Other Principles, such as juror notebooks and allowing jurors to take notes, were already in such widespread use that they were not tested. Click here for the Phase One Project manual detailing the principles, the rationales and authority behind them, and suggested procedures. Phase One resulted in questionnaires from 22 participating federal trial judges, 74 participating attorneys and 303 jurors from 38 trials that used one or more of the seven Principles. Based upon the analysis of Phase One results and questionnaires, the Commission focused Phase Two on the following four Principles:
1. Juror Questions;
2. Interim Trial Statements by Counsel;
3. Twelve-Person Juries; and
4. Preliminary Substantive Jury Instructions.
These Principles were chosen because of Phase One popularity (78% of jurors reported that being able to ask questions increased their satisfaction with the process) and because of a desire to study the Principles more. Click here for the Phase Two manual.

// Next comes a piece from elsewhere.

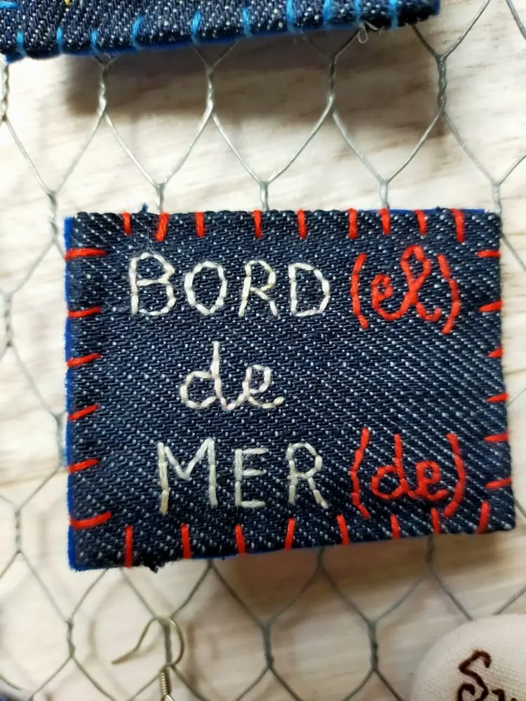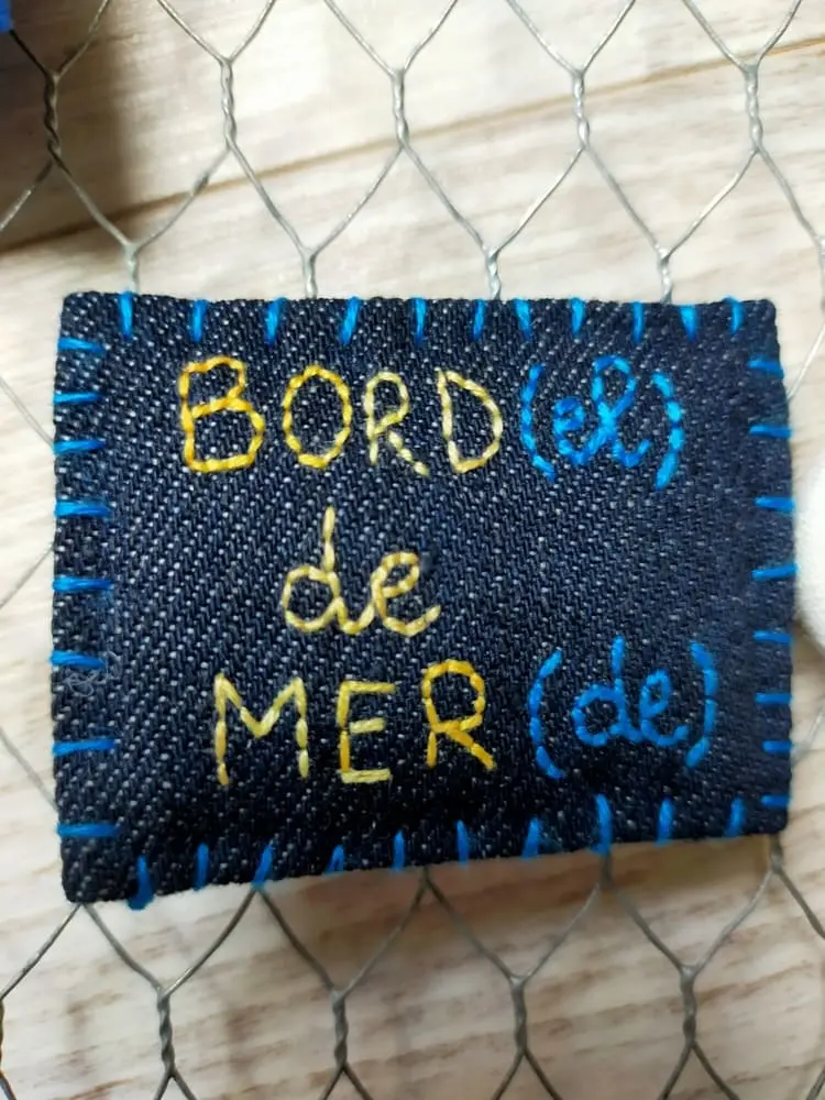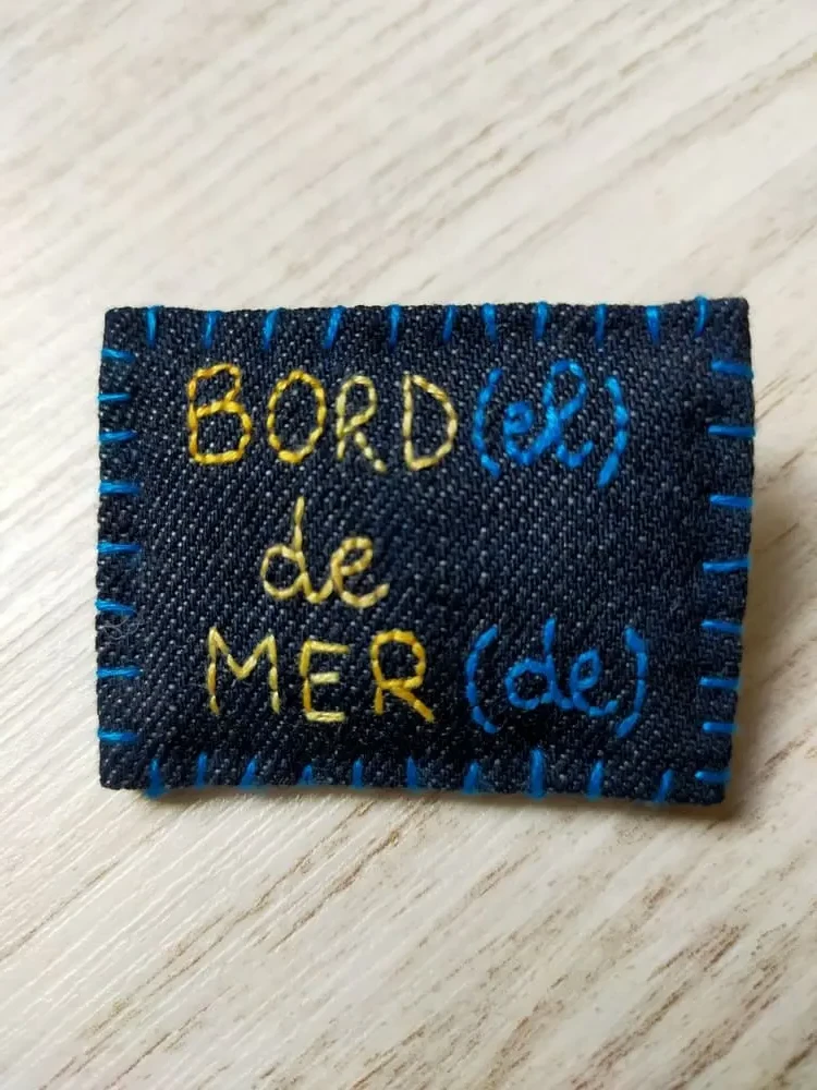 Broche brodée main « Bord(el) de Mer(de) »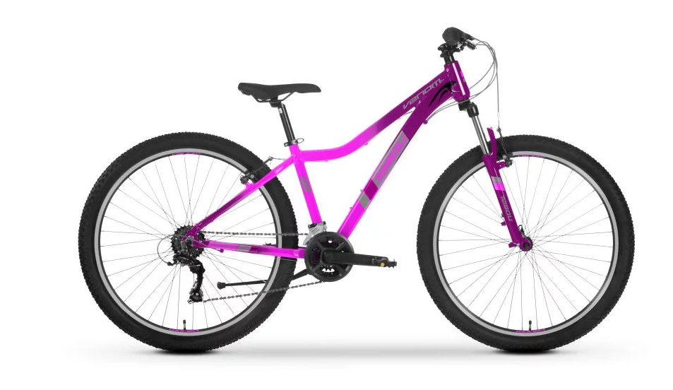 VENOM 1.0 W to propozycja damskiego, młodzieżowego roweru typu MTB. Jego uniwersalne zastosowanie pozwala na pokonywanie dłuższych tras po leśnych wyboistych drogach, ale także na miejskich ścieżkach rowerowych. Geometria ramy z obniżoną górną rurą ułatwia wsiadanie i zsiadanie, ponadto umożliwia przyjęcie wygodnej pozycji co zwiększa przyjemność z jazdy.

In Phase Two, 108 jurors from 12 trials employing one or more of the Phase Two Principles filled out questionnaires. In addition, 12 attorneys and 4 district judges that participated also filled out questionnaires. The results are interesting, but more importantly create the opportunity to powerfully impact the trial system across the Seventh Circuit in ways that benefit all of the stakeholders in the trial process -- the litigants, the jurors, the judge and the judge's chambers, and the litigators.
All four of the Phase Two Principles showed significant benefits to the trial process. 83% of jurors reported an increased understanding of the facts when allowed to ask written questions through a judge -- the questions were reworded to meet evidentiary rules. And 75% of judges and 65% of attorneys thought the questions benefited jurors. Similarly, preliminary substantive jury instructions were found to improve trials by jurors (80%), judges (85%) and attorneys (70%). And the same was true for interim statements to the jury -- jurors (80%) and judges (85%). Finally, twelve-person juries were found not to harm efficiency, while increasing juror diversity.
Each of the four Phase Two Principles, as well as several of the additional three Phase One Principles deserve more attention and analysis. So, over the next several weeks I will provide follow up posts discussing the findings of those Principles in greater detail. I will start with the idea of juror questions, which I find particularly important, later this week or early next.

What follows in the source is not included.